If money is under private control it would probably tend to be the
neutral factor that the classicists envisioned it to be. It is not as
neutral as they thought, because, after all, it is an article of
wealth. Just as the increase or decrease of any commodity has an
effect on the market so does the increase or decrease of the supply of
money have an effect. But the effect would not be that which occurs
under a governmentally monopolized monetary system, wherein money
becomes a vehicle for attempting to institute reforms to aid debtors
or to alter social and economic conditions.

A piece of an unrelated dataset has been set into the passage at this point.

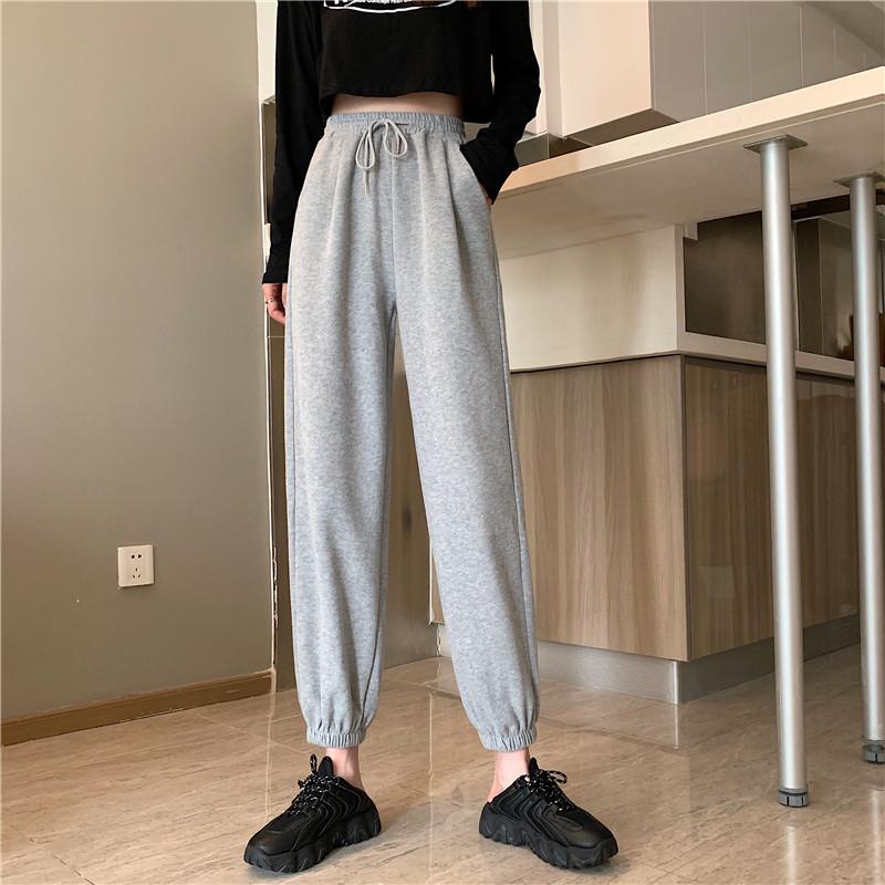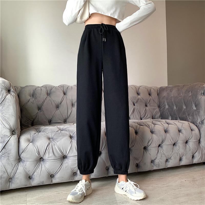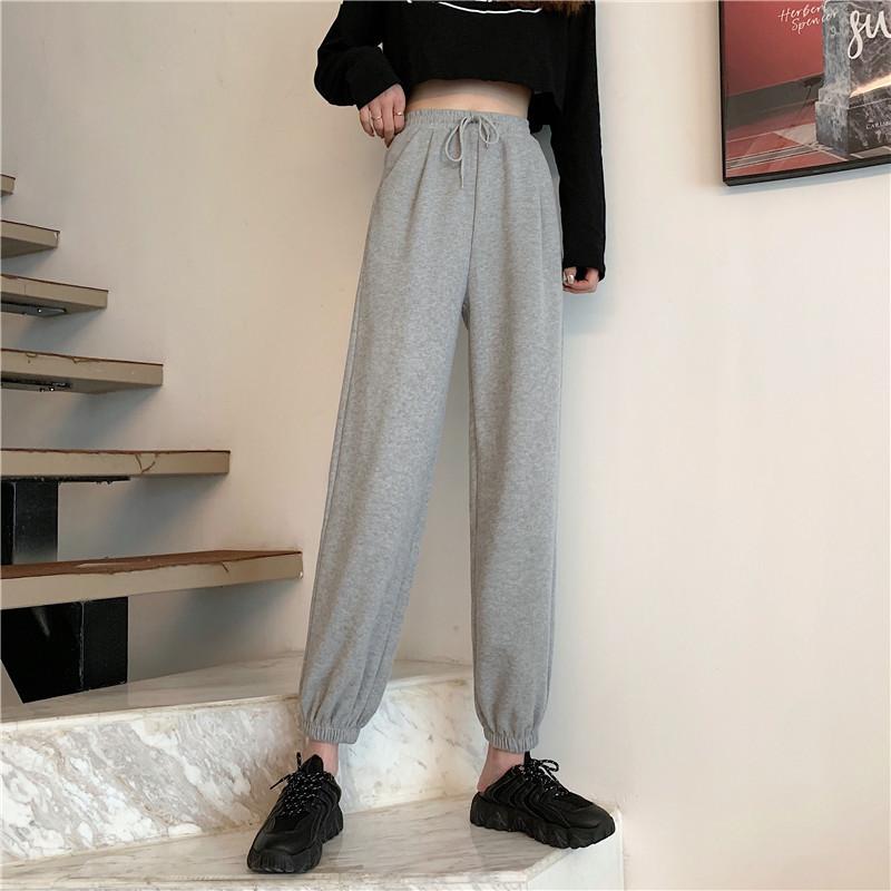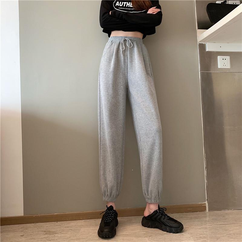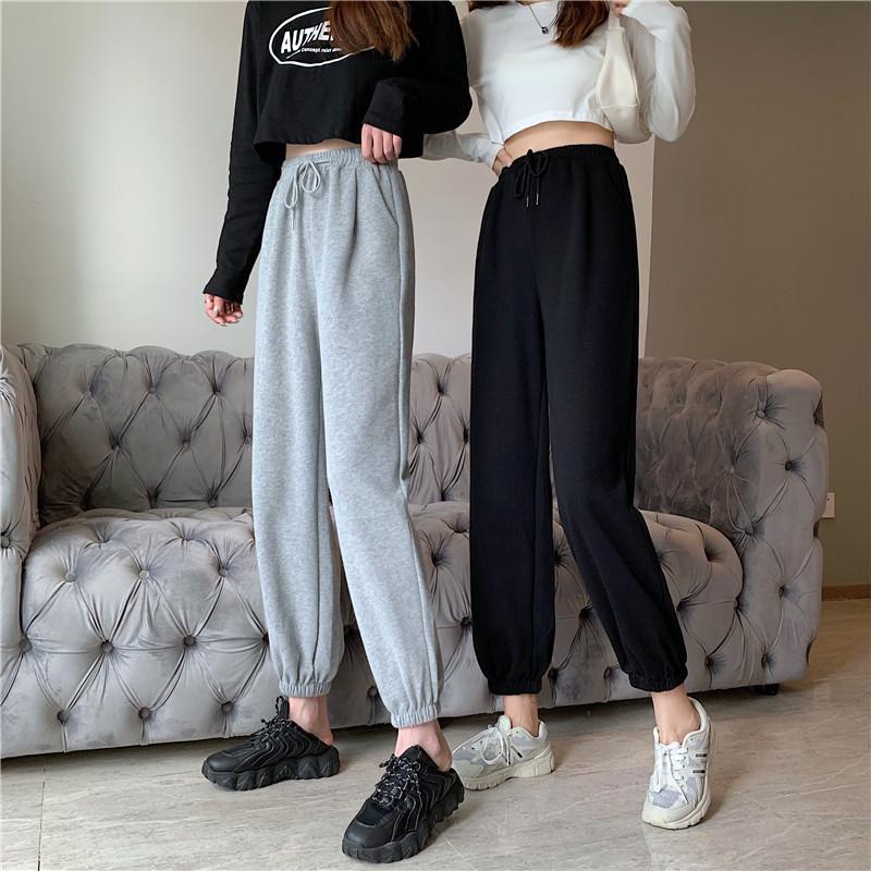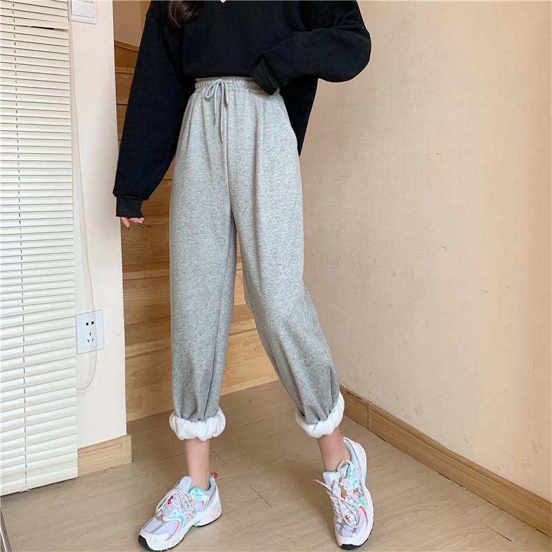 Pantalones deportivos casuales con forro polar para niñas, estilo coreano, elegantes, holgados, tipo harén, de cintura media, combinables para estudiantes.

A people certainly want a sound money. However, it must not be
assumed that just because sound money does exist that economic justice
necessarily is the order of the day, Such requires, among other
things, the adoption of a just system of land tenure, as well as the
freedom of the individual to do as he pleases, qualified only by his
not interfering with his neighbor's equal freedom.
Money and its effects may be likened to the blood system. The fact
that one has a sound system for distributing the blood throughout the
body does not mean that one is necessarily healthy. Other factors are
required. But just as it is difficult, if not impossible to have a
truly healthy body if the circulatory system is not a healthy one, so
it is difficult if not impossible to have a just society in a highly
developed civilization if the monetary system is not a sound one.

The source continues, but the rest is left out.